Task item: Make an exact copy of the records that follow, with each picture omitted.

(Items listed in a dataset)
»»
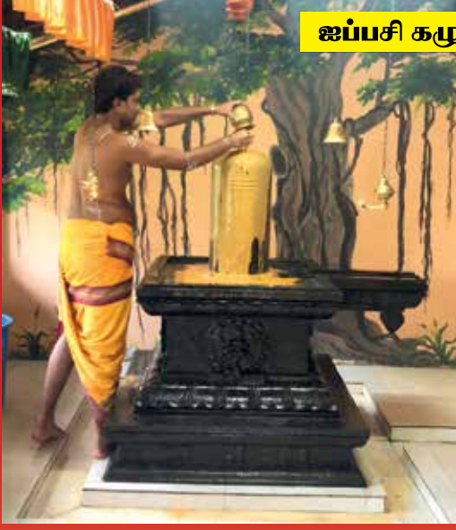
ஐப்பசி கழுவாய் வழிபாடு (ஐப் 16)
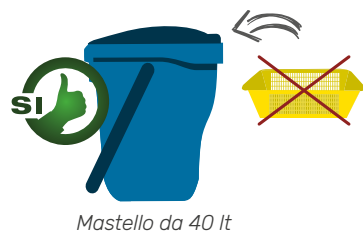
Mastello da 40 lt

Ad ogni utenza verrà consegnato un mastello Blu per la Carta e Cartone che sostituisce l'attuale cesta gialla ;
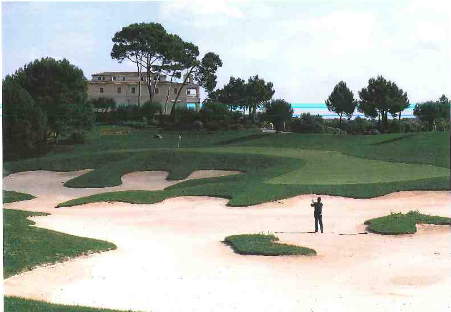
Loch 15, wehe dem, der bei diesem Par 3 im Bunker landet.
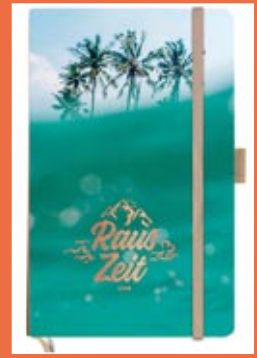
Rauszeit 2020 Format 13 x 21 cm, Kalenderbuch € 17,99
««
Written response:
ஐப்பசி கழுவாய் வழிபாடு (ஐப் 16)
Mastello da 40 lt

Ad ogni utenza verrà consegnato un mastello Blu per la Carta e Cartone che sostituisce l'attuale cesta gialla ;
Loch 15, wehe dem, der bei diesem Par 3 im Bunker landet.
Rauszeit 2020 Format 13 x 21 cm, Kalenderbuch € 17,99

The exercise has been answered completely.